John C. Maxwell, the world-renowned expert on leadership, has written many books on the subject of leadership and communication.   I came across his works through a fellow Toastmaster, who was also interested in these two subjects.  She had joined a John Maxwell Mastermind group, enjoyed the experienced tremendously, and went on to do training to run her own Mastermind group.   Last fall I preceded to join one of her groups, which discussed the book 21 Leadership Qualities, and this spring I joined another one, this one on communication which discussed his book Everyone Communicates, Few Connect.

I have spent about half a year then going the material in both these books first by reading them, and then by experiencing them in a Mastermind Group.   The purpose of today’s post is to give you 5 advantages you will have when you join a John Maxwell Mastermind Group.

Before I relate those advantages, I wanted to explain briefly what a Mastermind group is.    It is a group facilitated by the group leader which meets periodically to go through the material in one of John Maxwell’s books.    Before each week’s group discussion, the members of the group are expected to read the chapter, go through some exercises to make sure they comprehend the material, and if they are called upon to do so, to make a short summary and commentary on the chapter, giving examples from that person’s own experience which reflect the material taught in that chapter.

Then at the meeting, the leader goes through the outline of the chapter, asks a member to give their own summary and commentary, and then the discussion is opened to the group regarding any additional comments members may have about how the material is reflected in their lives.    Then there is an assignment given to put the material into practice.   This is either discussed at the next meeting or turned into the facilitator who reads the responses from the members of the group, gives commentary and sometimes reads excerpts at the following meeting.

Given this structure, here are the 5 advantages of joining a John Maxwell Mastermind group.

1.  Learning through Reflection

Normally, when you a book you go through the material once, and you may only end up retaining 10% of what you have read.    When you not only read the book, but do the exercises that help test your comprehension, you are going through the material with certain mental checkpoints in mind that help you zero in on the most important elements.   This allows you to retain more of what you read.    If you do a summary of the chapter for others, this also forces you to pick out the most important elements in order to condense them into a short, 5-minute presentation for the group.  This also reinforces the material.

2.  Living earning through Application

If you are asked to comment on a chapter, besides summarizing the material, you are asked to comment on any situations you have encountered, either recently or in the past, which illustrate the material involved.   By relating it to your own life, you are starting to own the material, rather than just reflect on it intellectually, because it is something which connects to your experience.

3.  Living the Material

In the last section of the chapter, John Maxwell poses some exercises for those who want to practice the material between discussion of the chapters.    This is an excellent time for you to plan out those ways in which you will, with the support of the group, go beyond your comfort zone and try to connect with people even if it is uncomfortable to you at first.    The rule is:   it gets better with practice.    Avoiding connecting with people because it is uncomfortable will never make the situation any better.

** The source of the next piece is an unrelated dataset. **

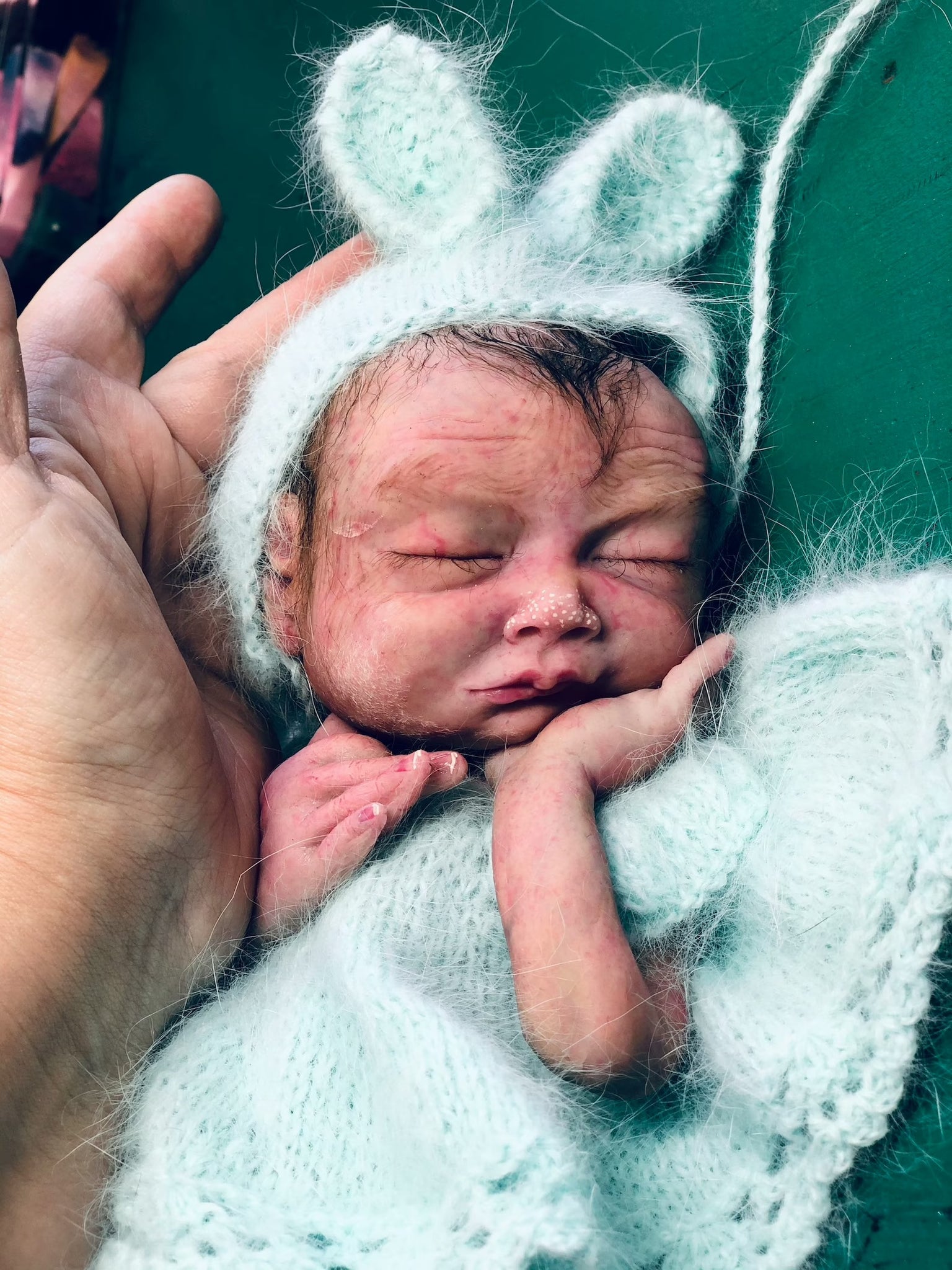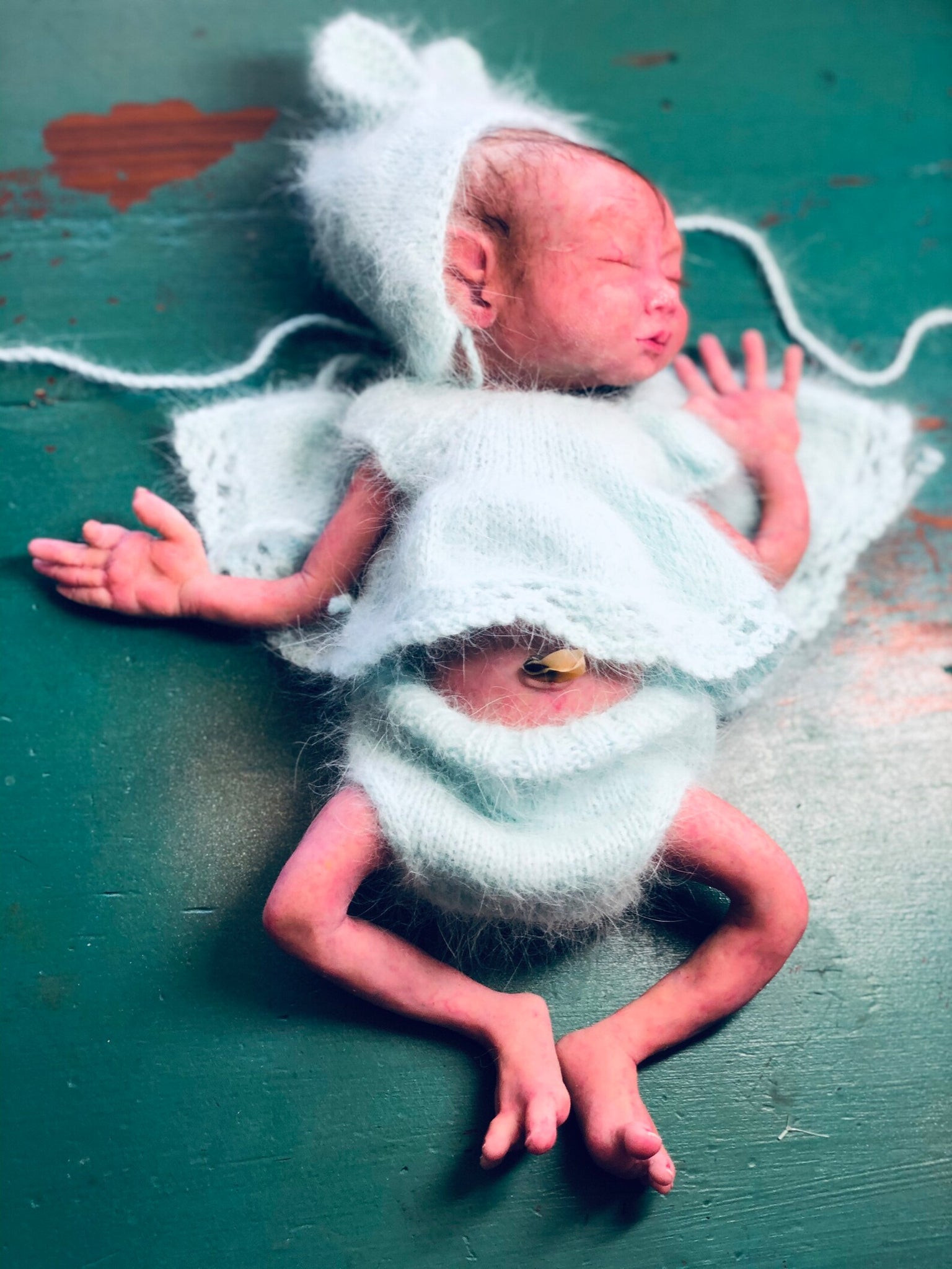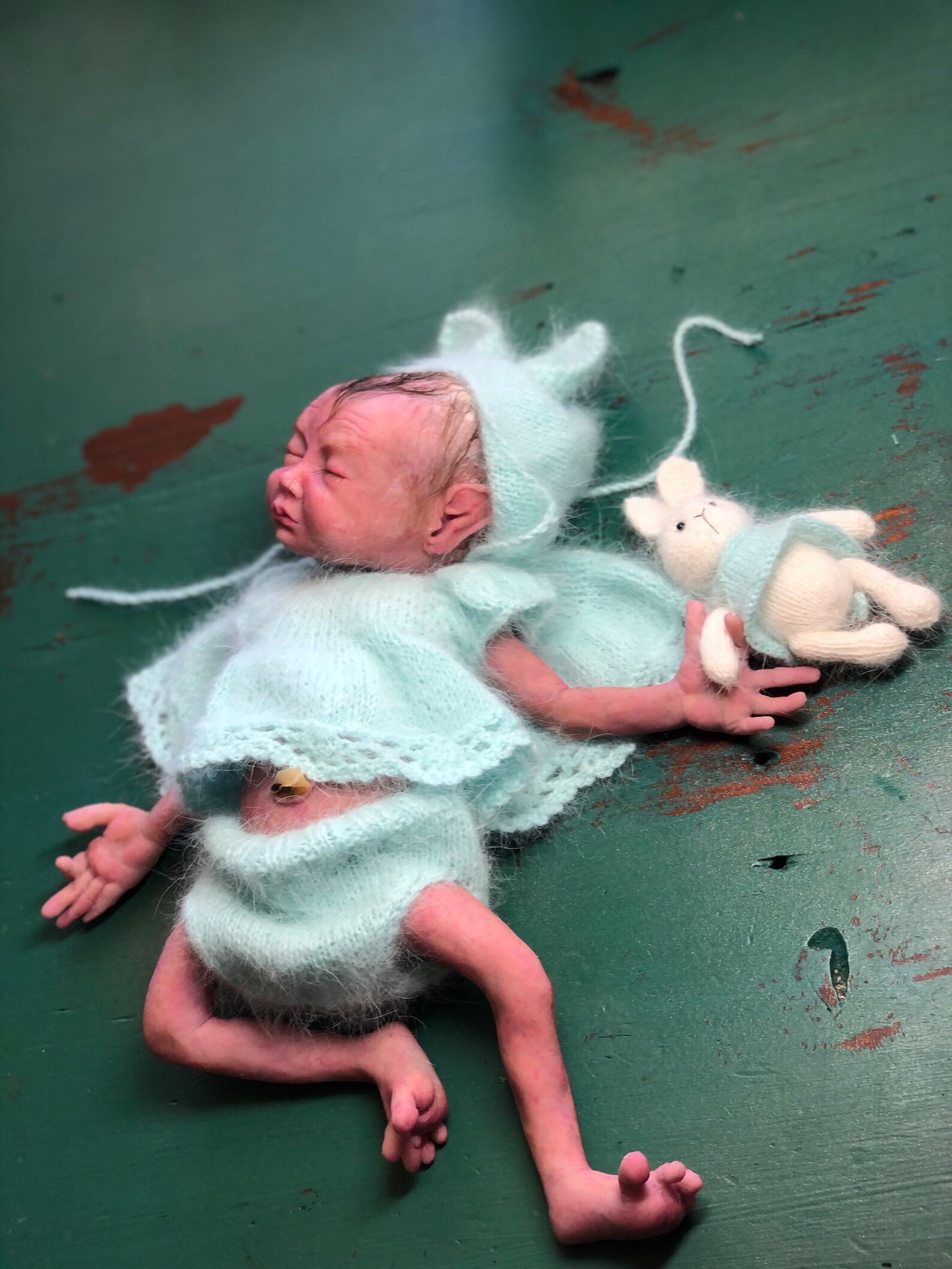 Full body silicone premature baby 12” by Nadine Dolotova is ready to go home

4.  Positive Reinforcement

Let’s say that, after once week, you have tried to apply the material.   You will either succeed, try and fail, or fail to try.   If you succeed, you should get positive reinforcement from the group.   If you try and fail, you should get positive reinforcement from the group as well, and suggestions for trying again so that you succeed the next time.   And if you fail to try, admit it, and ask the group for help.   They will offer positive suggestions that will help you.   Just remember, the group won’t give up on you.   They will not let you fail unless you decide to fail yourself.   If you love and respect yourself enough as a human being, you will not give up on yourself either.   Especially when the rest of the group is your cheer-leading squad!   What do they get out of it?   Well, you do the same for them!

5.   Networking

Finally, by entering a group with like-minded people, you are entering a field of energy in which your mind and indeed your whole consciousness is focused like a laser on the particular topic of communication or leadership around which the group is based.    You will gain insights from others in different jobs or different walks of life than you are, but the fact that you all have in common the pursuit of excellence is something that will spill over into your regular, everyday life outside of the Mastermind Group.

Since I have started the group one half-year ago, I have been approached with the following opportunities:

–Chief Project Manager for the largest educational event of the year for the Chicagoland chapter of the Project Management Institute

–One of the Directors of the Board of that same chapter of the Project Management Institute

–Board member of my church

–President of my home club in Toastmasters, and Area Governor as well

I have only been a member of that chapter, that church, and that Toastmasters club for one year.    I am convinced that these leadership opportunities came to me because I showed through my gradual mastery of the material in the two Mastermind Groups to those in positions of authority in those institutions that I was ready for those opportunities.

Now, I hope to continue to join Mastermind groups in the area to make sure that I succeed at those opportunities I have been given!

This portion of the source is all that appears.